Limitations & Future Work

  • The books3 subset was excluded from the training set due to copyright, which may affect comparability with earlier works despite separate sensitivity analyses.
  • Performance is sensitive to hyperparameters; tree height and compression ratios require task-specific tuning.
  • The selection strategy \(\pi\) for language modeling (fixed right branch) is a coarse heuristic and may not be optimal for non-\(\Lambda\) attention distributions.
  • Some baselines used middle-truncation which might have lowered task difficulty and inflated their scores.
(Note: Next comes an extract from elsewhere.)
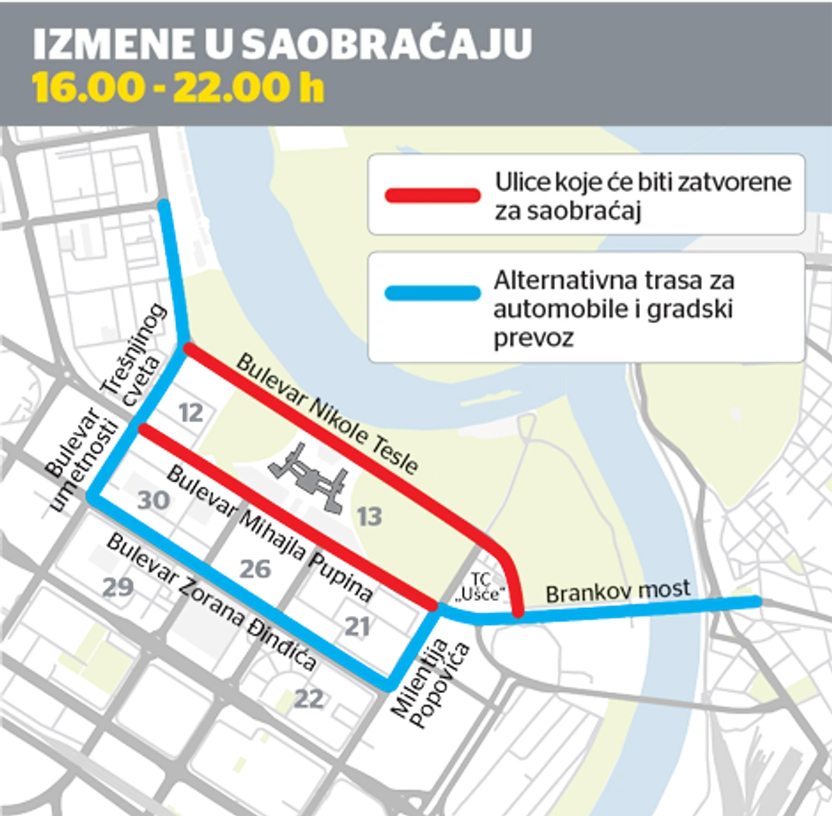 Tokom tih šest sati za saobraćaj će biti zatvoren deo Bulevara Nikole Tesle, od Brankovog mosta do Ulice Trešnjin cvet, i to u oba smera. Takođe, vozila neće saobraćati ni u delu Bulevara Mihajla Pupina, od Ušća do Ulice Trešnjin cvet, takođe u oba smera. To znači da automobilima neće moći da se prolazi ni sa gornje, ni sa donje strane Palate Srbija.

  • vs CEPE (encoder-decoder): CEPE uses an independent RoBERTa encoder, requiring full 24-layer passes and linear projections. SHAREDLLM's shared shallow layers bypass these, running ~3× faster.
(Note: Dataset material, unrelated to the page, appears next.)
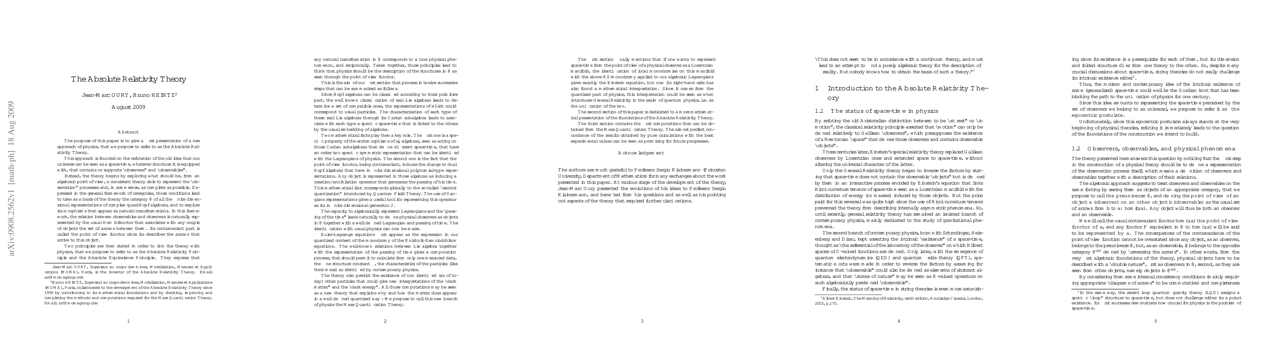 This paper is a first presentation of a new approach of physics that we propose to refer as the Absolute Relativity Theory (ART) since it refutes the idea of a pre-existing space-time. It includes an algebraic definition of particles, interactions and Lagrangians. It proposed also a purely algebraic explanation of the passing of time phenomenon that leads to see usual Euler-Lagrange equations as the continuous version of the Knizhnik-Zamolodchikov monodromy. The identification of this monodromy with the local ones of the Lorentzian manifolds gives the Einstein equation algebraically explained in a quantized context. A fact that could lead to the unification of physics. By giving an algebraic classification of particles and interactions, the ART also proposes a new branch of physics, namely the Mass Quantification Theory, that provides a general method to calculate the characteristics of particles and interactions. Some examples are provided. The MQT also predicts the existence of as of today not yet observed particles that could be part of the dark matter. By giving a new interpretation of the weak interaction, it also suggests an interpretation of the so-called dark energy.

  • vs StreamingLLM (Streaming): Streaming methods use specialized attention patterns that lose speed as inputs lengthen. SHAREDLLM uses standard attention + shallow injection, yielding ~2× speedup and better performance.
  • vs YaRN / PI (Position Encoding): These rely on full \(O(L^2)\) attention and face OOM at 128K, whereas SHAREDLLM's hierarchical compression prevents memory explosion.

Rating

  • Novelty: ⭐⭐⭐⭐ The "Self-Injection + Multi-granularity Context Tree" is a clever combination that leverages weight homogeneity perfectly.
  • Experimental Thoroughness: ⭐⭐⭐⭐⭐ Robust comparison across LM/Understanding/Efficiency with multiple base models like LLaMA and Mistral.
  • Writing Quality: ⭐⭐⭐⭐ Clear methodology and motivation, though some diagrams and notations are dense.
  • Value: ⭐⭐⭐⭐ Extrapolating 8K training to 128K with 2×/3× speedup is highly practical for low-cost long-context deployment.